Sudden cardiac arrest (SCA) can occur in any individual, regardless of age, often without any prior signs or warnings.1 According to the 2022 European Society of Cardiology (ESC) Guidelines for the management of patients with ventricular arrhythmias and the prevention of sudden cardiac death, SCA is defined as the abrupt cessation of normal cardiac activity, leading to hemodynamic collapse, and sudden cardiac death (SCD) refers to a sudden natural death presumed to be of cardiac cause.2

Determining the etiology of SCA is often challenging, as the most frequent causes vary by age and population (Table 1). These causes can be broadly categorized into cardiac and noncardiac origins. SCA most commonly occurs in the context of structural heart disease, particularly coronary artery disease.
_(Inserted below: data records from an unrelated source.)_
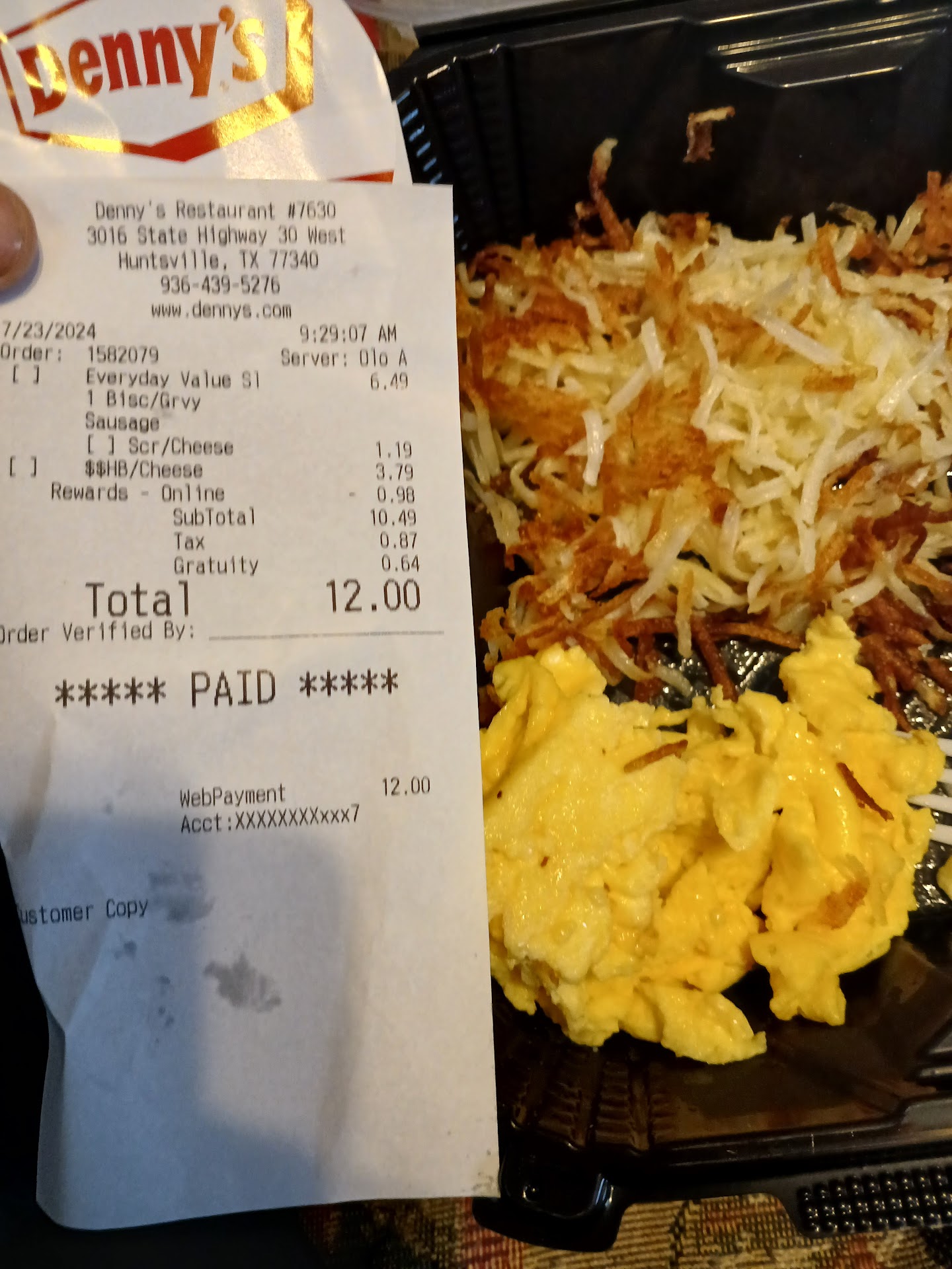 The worst Denny's I've ever been to. I love this restaurant, and there's only one in our town, and I can honestly say I'd rather go to Conroe. I came into this place at 8:30pm 06/13/2015 and was given the waiter Neal (reddish blonde hair, scruffy unshaven face, disheveled). He took a minute to get to us, which is fine, we wanted Denny's and they had a couple customers (4 tables seated at the time throughout). Our table was soiled, had bits of salad left on one of the place mats (we requested a two-person booth) and missing silverware. When we told Neal this, he took the place mat and knocked the contents onto the floor, made a sneezing sound and laughed it off. He noticed that we were down a silverware and said how "unacceptable" that was. Next he took our drink order, a coffee and a new iced caramel coffee. We never received said drinks, after fifteen minutes we left. In the interim, another young couple sat down across from us and the waitress, long brown hair and headband, took their order, was bubbly and professional, got them their drinks within seconds. I was astounded. I called the manager, Danielle, who was less than a delight to talk to, end of the conversation I felt that she wasn't going to do anything about what had transpired, nor does she care. In losing a customer, she was totally indifferent. Overall, if you've read this, avoid this Denny's until the night crew has been replaced. What was once a very nice atmosphere and a place I'd loved to have gone is now a place I avoid. And in this town? Choices are few. Thank you for reading, I hope it helps. I will close with how I opened: I love Denny's, AVOID this one. Continue...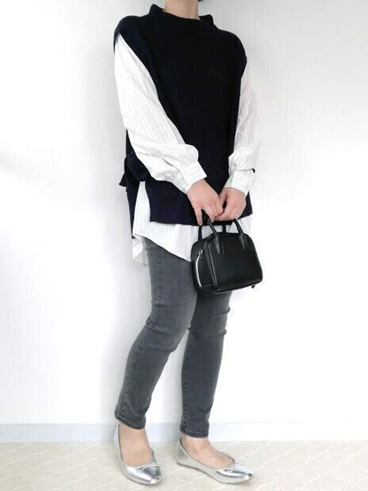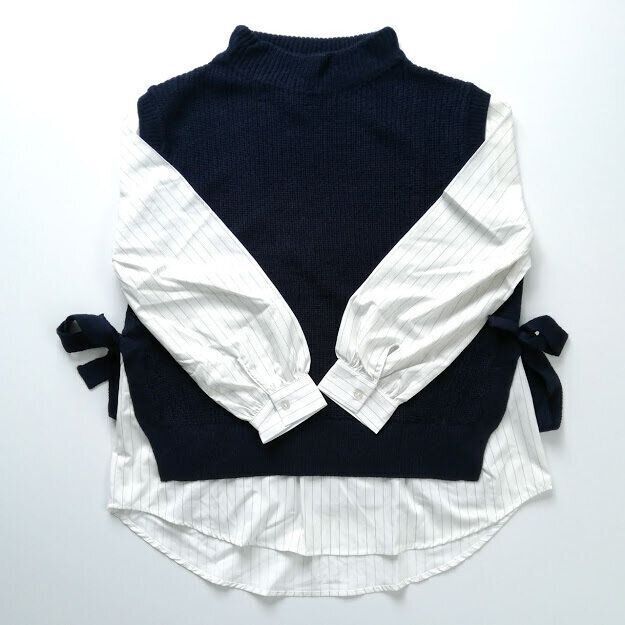 ニットベストにストライプのシャツをドッキングしたアイテム。シャツ部分は袖と裾のみで、かんたんにバランスよいレイヤードスタイルが完成!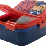 Die Avengers-Brotdose ist aus robustem Kunststoff gefertigt und hält dadurch Stößen sowie normaler Abnutzung stand. Zwei Ebenen ermöglichen eine abwechslungsreichere Anordnung der Speisen: Das Hauptfach ist für größere Mahlzeiten vorgesehen, während die obere Ebene drei separate Fächer für kleinere Snacks bietet.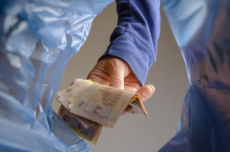 The hand throws money in the trash. A man is holding several Ukrainian hryvnia over the trash garbage can. Inflation, bankruptcy, obsolete money, concept. Bottom view.

This is often due to the development of malignant arrhythmias such as ventricular fibrillation, polymorphic ventricular tachycardia, or monomorphic ventricular tachycardia, leading to hemodynamic collapse.3,4

Currently, it is estimated that 10–20% of all deaths in Europe are due to SCD.5,6 Additionally, approximately 300000 people with out-of-hospital cardiac arrest are treated by emergency medical teams every year, with eight out of ten cases attributed to a cardiac cause.7,8 This represents a major public health problem, characterized by high mortality rates and poor neurological outcomes.5–9 A comprehensive etiological investigation of SCA is essential to promptly identify and treat the underlying cause, thereby improving patient outcomes. Moreover, investigating sudden unexpected death in the young presents an opportunity to prevent further deaths. Many SCA victims have silent structural heart disease (SHD), primary electrical diseases (PED), cardiomyopathies, familial hypercholesterolemia, and premature ischemic heart disease; SCA is the first manifestation of cardiovascular disease in 50% of cases. Therefore, screening relatives is crucial for primary prevention, as it may facilitate preventive treatments (medication, lifestyle changes, defibrillator implantation) and ongoing medical follow-up.10–12

Therefore, we recognize the need for a structured diagnostic approach for SCA patients. Our study protocol aims to establish a standardized workflow for the etiological investigation of SCA patients admitted to the emergency department or intensive care unit (ICU), considering local practices/resources and international guidelines. The protocol promotes cooperation among clinicians from the emergency department, ICU, cardiology, genetics, and pathology, for the short- and long-term management of SCA survivors and their relatives.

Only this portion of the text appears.